Direktur BBM BPH Migas Sentot Harijady Bradjanto Tri Putro mengatakan konsumsi bahan bakar jenis solar (gasoil) selama periode tersebut naik 19% dari periode normal, sedangkan bensin (gasoline) naik 7%.
"Perinciannya, gasoline mengalami penurunan 6%, avtur 4%, kerosene [minyak tanah] 9%, sementara gasoil mengalami kenaikan 11%," ujarnya di sela konferensi pers.

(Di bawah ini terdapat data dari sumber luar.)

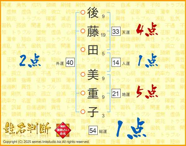 後(9画)藤(19画)田(5画) 美(9画)重(9画)子(3画)

Sentot juga menyebut selama periode Posko Rafi, Pertamina menyiagakan 125 terminal BBM, 7.746 stasiun pengisian bahan bakar umum (SPBU), dan 70 depot pengisian pesawat udara (DPPU).
Menurut dia, ketahanan stok BBM selama periode tersebut terealisasi di rentang 19—21 hari.
Sementara itu dari sisi penyaluran, BPH Migas mencatat penyaluran bensin secara nasional paling tinggi terjadi pada 29 Maret 2025 dengan kenaikan 25,68% dari penyaluran normal.
Saat arus balik, puncak penyaluran bensin terjadi pada 5 April dengan kenaikan 19,17%.
Puncak penyaluran avtur saat arus mudik terjadi pada 28 Maret dengan kenaikan 11,99% dari penyaluran normal, sedangkan saat arus balik pada 7 April dengan kenaikan 14,41%.